**Work to be completed**
Everything from the first line of the data through the line with "In una prestigiosa" is to be echoed exactly, minus the pictures.

**Given material**
=====

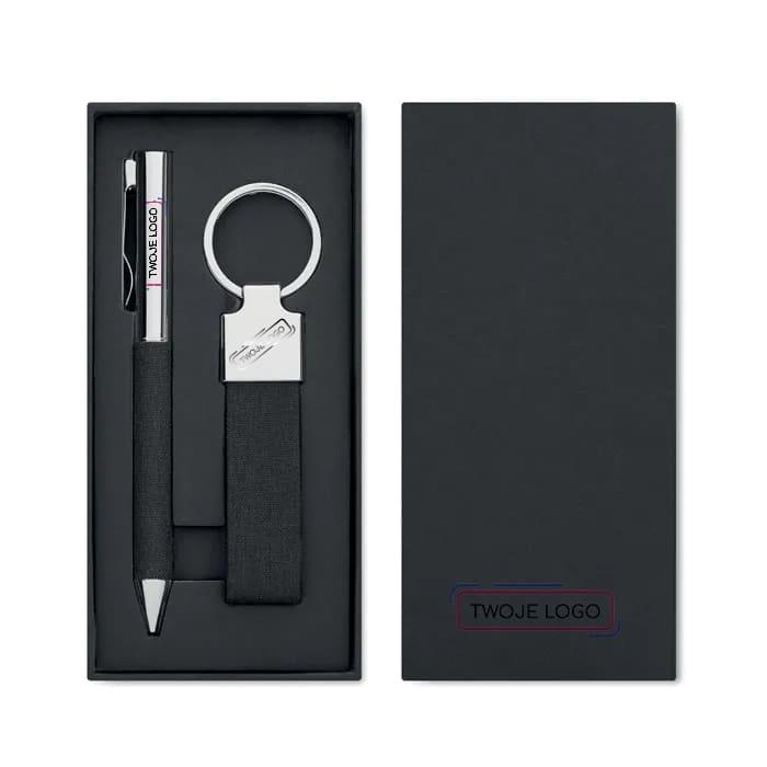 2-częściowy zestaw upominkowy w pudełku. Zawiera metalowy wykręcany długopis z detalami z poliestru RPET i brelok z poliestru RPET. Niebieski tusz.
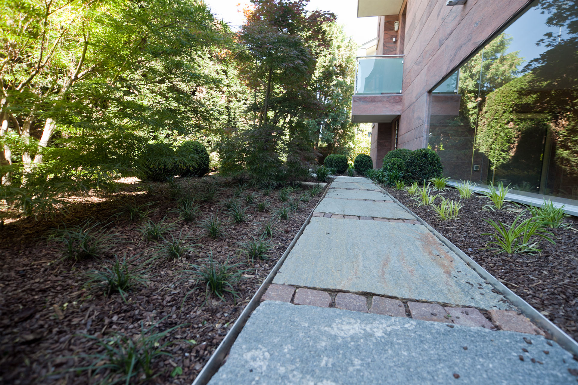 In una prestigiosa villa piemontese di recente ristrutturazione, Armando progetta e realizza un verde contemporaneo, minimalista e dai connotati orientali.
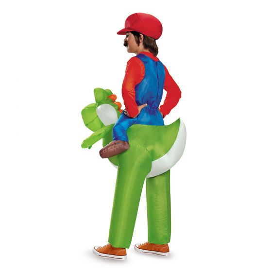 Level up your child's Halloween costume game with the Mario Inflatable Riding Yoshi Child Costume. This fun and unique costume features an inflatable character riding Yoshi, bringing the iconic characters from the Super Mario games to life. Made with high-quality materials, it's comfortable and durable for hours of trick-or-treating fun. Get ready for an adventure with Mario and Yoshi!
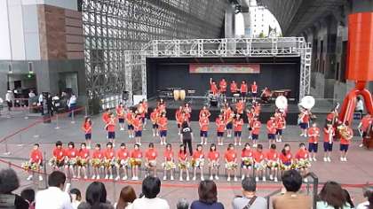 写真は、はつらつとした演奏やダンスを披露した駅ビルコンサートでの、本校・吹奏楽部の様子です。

=====

**Answer**
 2-częściowy zestaw upominkowy w pudełku. Zawiera metalowy wykręcany długopis z detalami z poliestru RPET i brelok z poliestru RPET. Niebieski tusz.
 In una prestigiosa villa piemontese di recente ristrutturazione, Armando progetta e realizza un verde contemporaneo, minimalista e dai connotati orientali.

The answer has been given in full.